Как слаб и нетверд его голос! Он был уверен, что в доме брата случилось неладное. И в то же время, как будет ругаться Квин, если он дома, за то, что Витни лезет не в свое дело. Словом, Квин разозлится в любом случае. Пакстоны были большим, общительным и очень сплоченным кланом, питавшим мало симпатии к нарушителям спокойствия и к тем, кто совал нос куда не следует. Отношения Витни с Квином теперь были сердечными, но два года назад, когда Элен уехала из его дома и начала бракоразводный процесс, Квин обвинил Витни в интригах за его спиной, заподозрил даже, что он был одним из тех, с кем Элен ему изменяла.

— Скажи правду, Вит! Я все пойму! Я не сделаю плохо ни ей, ни тебе! Только скажи правду, ты, трусливый сукин сын!

Так злился Квин. Но даже в ярости чувствовалось притворство, поскольку, конечно, подозрения Квина были безосновательны. Элен никогда никого не любила, кроме Квина, он был ее жизнью.

Вскоре Элен вернулась к Квину вместе с дочерьми, прекратив дело о разводе. Витни был разочарован, но и вздохнул с облегчением. Разочарован, потому что попытка Элен освободиться была столь необходима, сколь оправдана. Облегчение, потому что семья Квина не разрушилась, авторитет его утвердился, и он успокоился. Исчез повод злиться на младшего брата, осталось только, как всегда, слабое презрение.

— Конечно, я не всерьез подозревал тебя и ее, — сказал Квин. — Я, наверное, напился до беспамятства.

И он засмеялся, словно такого никогда не могло быть.

С тех пор Витни держался подальше от Квина и Элен. Кроме случаев, когда они неизбежно встречались на семейных торжествах Пакстонов, например на Рождество.

Теперь Витни поежился, думая, не следует ли ему обойти дом и попробовать через заднюю дверь заглянуть внутрь. Но, если Квин был дома и что-то случилось, мог ли Квин быть… опасен? У него имелось несколько охотничьих ружей, дробовик и даже револьвер с разрешением на него. А если у него запой… Витни вспомнил, что полицейских чаще всего убивают, когда они разбирают домашние ссоры.

Потом с большим облегчением он увидел приближающуюся Элен… была ли это Элен?
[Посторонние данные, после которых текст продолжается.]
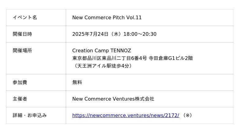 「New Commerce Pitch」は、New Commerce Ventures株式会社が主催する、コマース領域に特化したスタートアップのためのピッチイベントです。流通・小売・EC・D2C・リテールテックなどの分野で課題を解決するスタートアップ8社によるスタートアップピッチのほか、20社のスタートアップがブース出展を行い、参加企業とのネットワーキングの機会も提供されます。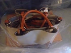 Never used Dooney & Bourke Brenna satchel/top handle bag still in plastic with paper stuffing inside. Must-have for any designer bag enthusiast. Smoky gray exterior, pebbled leather, and gold hardware accents. The bag has a magnetic closure and a brown leather handle/strap with a cross-body strap that is detachable. Gray cotton interior with inner pockets, outer pockets, a key clip, and an adjustable strap. The bag also has bottom studs for added protection. Dust bag included for safe keeping.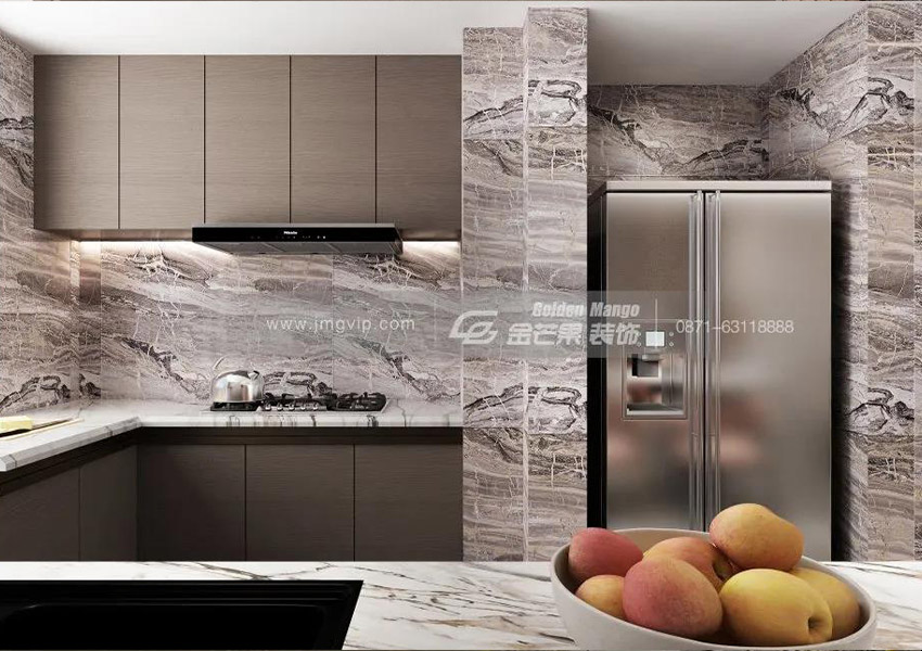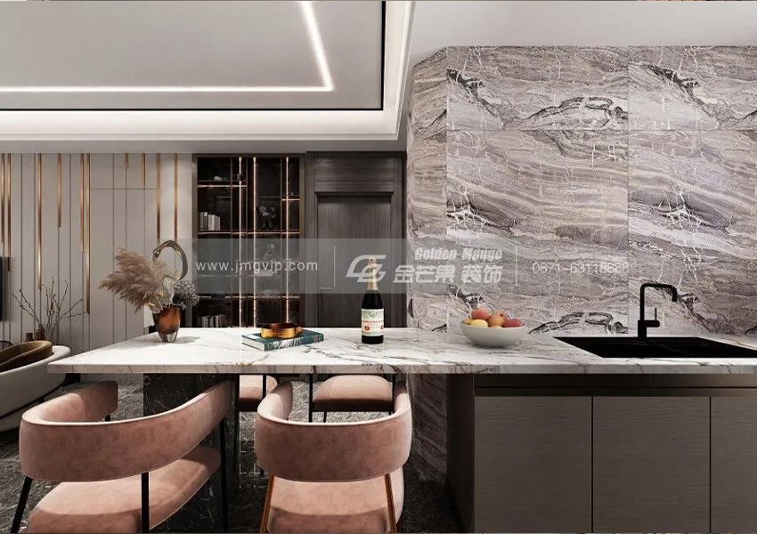 紋理豐富的大理石布滿廚房,

С ней что-то не так — это было первое, хотя и расплывчатое впечатление Витни, которое он вспомнил спустя долгое время, — потому что она шла неуверенно, почти шатаясь, точно под ней раскачивался пол. Она сильно размахивала руками или вытирала их о фартук. Определенно она спешила на звонок, кто бы ни ждал на пороге.

Витни позвал:

— Элен, это я, Витни! — И увидел, как по-детски ее лицо изобразило облегчение.
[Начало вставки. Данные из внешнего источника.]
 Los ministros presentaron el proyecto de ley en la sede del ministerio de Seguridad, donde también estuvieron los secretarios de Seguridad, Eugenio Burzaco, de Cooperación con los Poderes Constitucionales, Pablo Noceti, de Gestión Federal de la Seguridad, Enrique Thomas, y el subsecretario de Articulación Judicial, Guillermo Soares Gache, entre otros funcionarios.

Может быть, она ждала Квина, подумал Витни.

Его растрогало, как быстро Элен включила свет в прихожей, с какой готовностью распахнула перед ним дверь.

* * *

Элен мягко воскликнула:

— Витни!

Глаза ее были широко раскрыты, а зрачки увеличены, на лице следы усталости. И еще что-то лихорадочное, живое и дерзкое было в ее поведении. Она, казалось, удивлена, что видит своего деверя, схватила крепко его руку и слегка встряхнула. Витни подумал, не пьяна ли она. На вечеринках он наблюдал, как медленно и даже методично она потягивала из стакана с вином, словно хотела довести себя до состояния анестезии. Но он никогда не видел ее пьяной, никогда. И теперешнее ее состояние было для него новостью.

Извиняясь, Витни сказал:

— Элен, не хотел тебя тревожить, но… ты не отвечала на телефонные звонки, я о тебе беспокоился.

— Беспокоился? Обо мне? — Улыбаясь, Элен часто заморгала глазами. Сперва вопросительная, улыбка постепенно стала шире и ярче. Ее глаза засияли. — Обо мне?

— …и о девочках.

— …о девочках?

Элен засмеялась. Это был высокий, веселый, мелодичный смех, какого Витни у нее раньше не слышал.

Быстро, даже слишком поспешно, Элен захлопнула за Витни дверь и заперла ее. Проводя его за руку через прихожую — ее рука была прохладной, влажной, костистой, настойчивой, — она выключила свет.